Оказался унтер писарем полковой канцелярии. Через него проходило множество самых разных и самых секретных бумаг, он сам еще недавно подписывался как "чиновник военного времени" и тоже недавно за какую-то провинность, за какие-то неблагонадежные слова - был послан в строй.
Он знал много.
Сказал, что сорок первый полк будет наступать с правого фланга, вдоль бора, что все колонны белых уже послезавтра на рассвете будут под Соленой Падью и тогда же вступят в бой, что для подкрепления ожидается еще кавалерийская часть, только навряд ли она успеет к началу боя, что броневики на железнодорожной ветке под Милославкой должны, по всей видимости, не столько действовать, сколько отвлекать силы партизан на другое направление.

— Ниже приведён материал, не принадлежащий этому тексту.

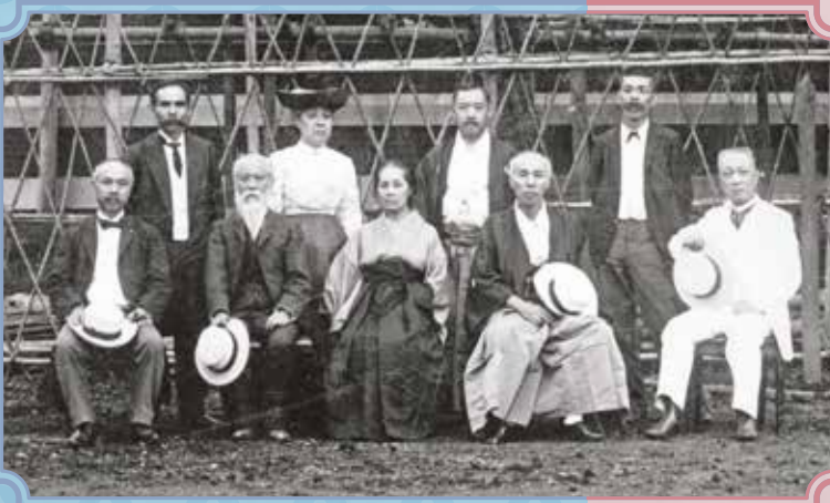
評議員の記念撮影

Подтвердил, что белое командование самым главным очагом большевизма по-прежнему считало Луговской штаб, а Кондратьева - самым опасным большевиком.
Он говорил, захлебываясь, торопясь, то об одном, то о другом. Писали допрос и Безродных и Петрович - едва успевали записывать. Потом унтер, схватив Мещерякова за руку, спросил:
- Живого меня оставите? Все ж таки?
- Когда не делаешь нам провокацию, когда сам по себе не будешь такой страшный - оставим... - сказал Мещеряков и поспешил крикнуть Гришке Лыткину в коридор, чтобы перебежчика отвели в арестное помещение. Под строгую охрану.
В комнате в табачном дыму на столе отсвечивали бумажки только что снятого допроса.
- Покудова надо исходить из того, - сказал Мещеряков, - что все здесь сказано было правильно. Перед самым же началом боя постараться выяснить положение. Чтобы не было ошибки.
- Как выяснить? - спросил Петрович.
Безродных повторил:
- Как?
Мещеряков, стоя посреди комнаты, закинул руки за спину.
- Ну, когда сами не придумаем, дело подскажет!
И тут захотелось Мещерякову снова быть на съезде, страшно захотелось в помещение бывшей кузодеевской торговли. Но уже позднее было время, и Мещеряков остался в штабе, так и провел там всю ночь без сна. Все думал и думал.
От длинного стола президиума, составленного из коротеньких столиков, открывалась сумеречная глубина амбара с ломкими рядами скамей и табуреток, с поднятыми кверху оглоблями и жердями по углам бывшей завозни, с распахнутыми воротами, через которые падал в амбар неяркий свет зачинающегося осеннего рассвета. Было шесть часов утра, наступал последний день работы съезда.
Президиум - так уж было принято - занимал свои места раньше, чем все другие делегаты, уже сидел в полном составе.
Пришел и сел с края длинного стола, поближе к выходу, Мещеряков. Усталый был после бессонной ночи, после встречи с унтером Лепурниковым, которая и до сих пор не давала ему покоя. Сидели - курили... Не то чтобы совещались официально, но и не без дела сидели - обсуждали вопросы.